My car has OnStar driver assistance. I tap a button and a live representative comes on the line. I was driving the other day and asked them for directions to a restaurant.
(Yes, this is a post about webinars. Stay with it.)
The representative downloaded the directions into my car’s navigation system and I completed the drive with a delightful Ethiopian meal. I thought no more about it.
EXCEPT…
The company won’t stop sending me emails. “You recently contacted us. Please tell us how we did. Thinking about your overall experience, on a scale of 0 to 10 how likely would you be to recommend OnStar to a colleague, friend, and/or family member?”
In my mind, I didn’t “contact them.” Of course I technically did, but it wasn’t significant to me. I got the information I needed and went on with my day, giving it nary another thought. I’m not interested in reflecting on “how they did.” That’s more work than I wanted to put into the transaction.
This is now a universal scenario. Every damned time you have a transaction with anybody, for anything, in any context, no matter how briefly, you will be asked for an opinion about how it went. Check your fast food receipt. There’s a feedback request at the bottom (just enter these 28 digits to identify the transaction you are commenting on). Call someone to ask a question about your bill. Have an online chat session to track an order. You’ll be asked to complete a short survey because your opinion truly matters to them.
And webinars are no different. Five years ago I wrote a blog post saying “I am a big fan of post-webinar surveys.” I’ve changed my opinion on this. Oversaturation has soured me on the concept. And I’m not the only one… I administer many webinars for many clients in many industries across many topics. The one common factor I can tell you is that we are getting fewer and fewer responses on our post-webinar surveys. Nowadays you are lucky to get more than a small handful of people to complete the request.

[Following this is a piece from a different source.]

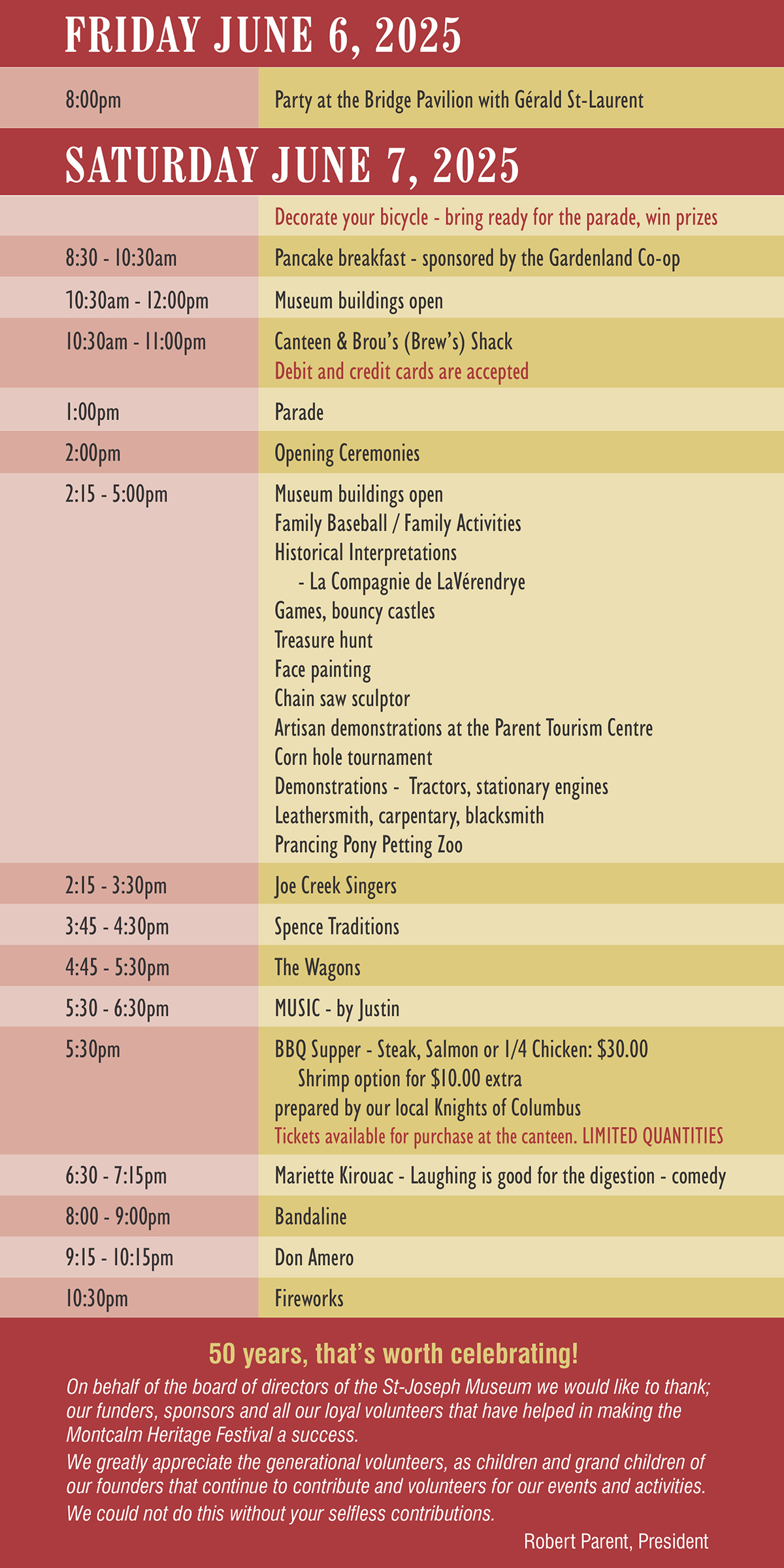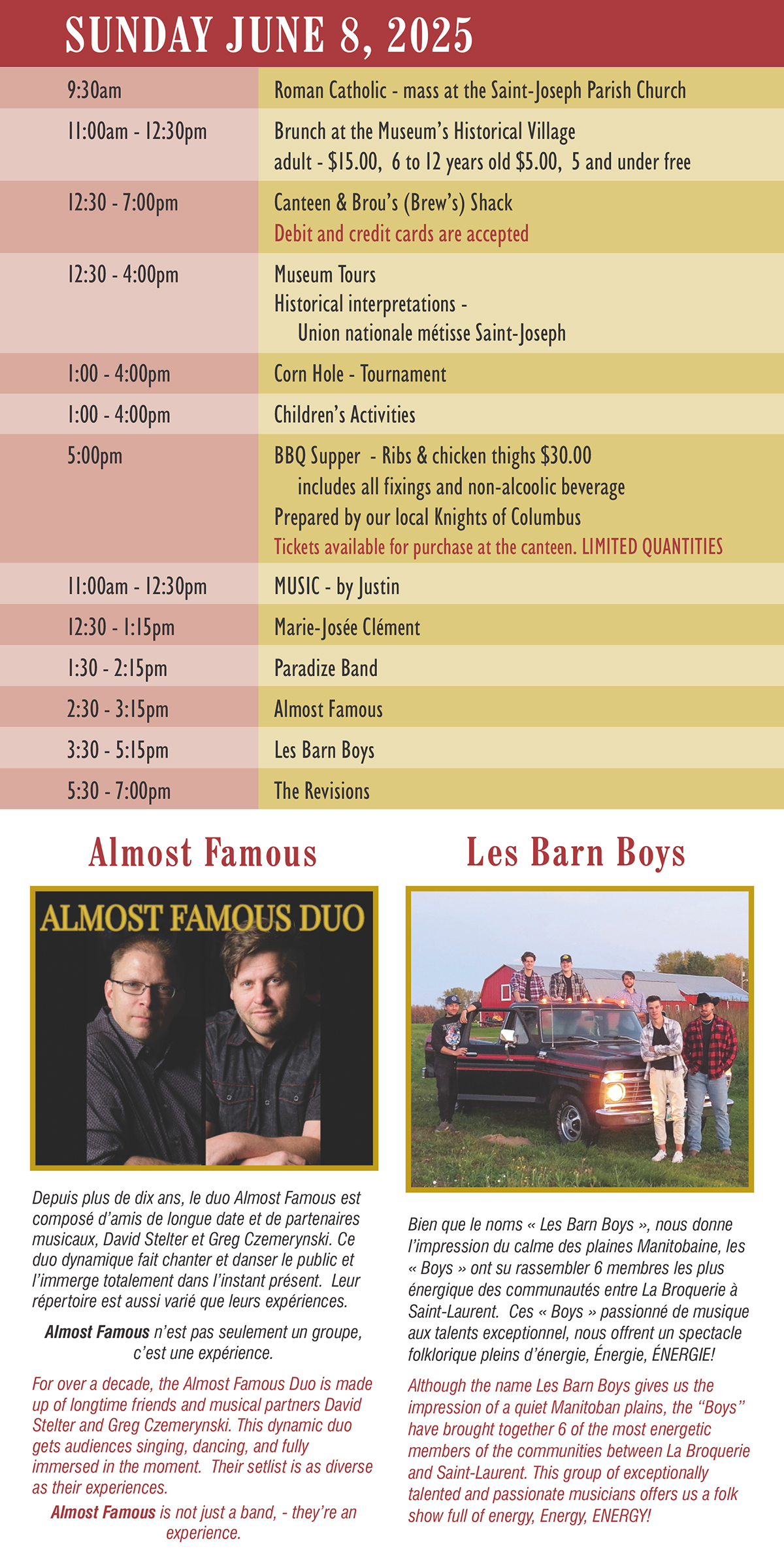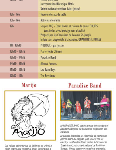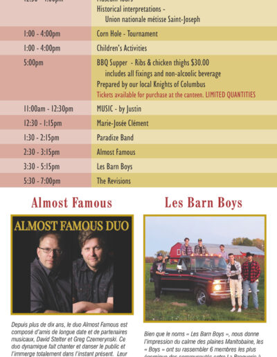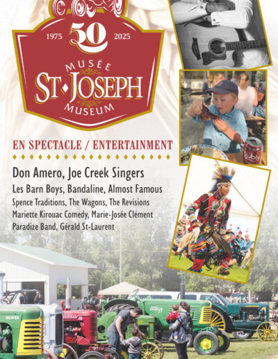 Le Musée Saint-Joseph et la grande équipe de bénévoles sont fières de vous inviter à venir célébrer notre culture et notre Joie de vivre au Festival du patrimoine Montcalm. Venez jouir d’une grande variété d’activités, de spectacles et d’interprètes historique. Visitez les édifices, d’exposition d’agriculture, d’engins à vapeur et l’agriculture des betteraves à sucre du Manitoba.

There’s no magic bullet to getting truly high completion rates on post-webinar surveys, but I can give you a few tips that might at least make them high-er!
- Shorter! Shorter! Shorter! Every additional question you ask reduces the probability that people will complete it. It doesn’t matter whether they are required or optional. Just seeing a bunch of questions makes people close the page.
- Don’t ask ambiguous questions. “Rate the presenters” is useless with more than one speaker. What if one person was good and another was bad?
- Don’t ask whether you would recommend the webinar. “Would you recommend this webinar to a friend or colleague?” The answer tells you nothing. Maybe they liked it, but they don’t like recommending things. Maybe it was right for their interests, but they don’t know others with similar interests. Maybe they wouldn’t recommend it because of general dissatisfaction, which still gives you no actionable information.
- Pick one rating scale. Don’t swap between 5-point and 10-point scales within the same survey. 5-point scales are general better because they require less thought on exactly where to answer. What’s the difference between a 7 and an 8 response?
- Only include one comment box. Don’t add optional comments to every rating question. Just put one box for “Additional comments, clarifications, and suggestions.”
- Set up value to the attendee. Tell them you want to refine your webinars to make the content, presenters, and format more useful and valuable for your listeners. Never make the responses about the benefit to you (“Please help us out by answering”), make it about them (“We’d like to make these webinars more useful for you, and you are the only one who can tell us how to do that”).
- Give an incentive. Everybody who fills out the survey gets a handout. Or is entered in a drawing. Of course this kills the ability to do anonymous surveys, but in conferencing products where the survey is integrated and you know the responders anyway, you can use that info.
And the most important piece of advice is to step back and truly ask yourself if you are making any substantive changes based on the responses you get to your surveys. In most cases, the answer is no. Somebody glances over the numbers, which look good on status reports, but the next webinar follows the exact same format as every one before it. All you’ve done is wasted your audience’s time and increased their frustration. Give them the information they requested in the webinar and let them move on with their day.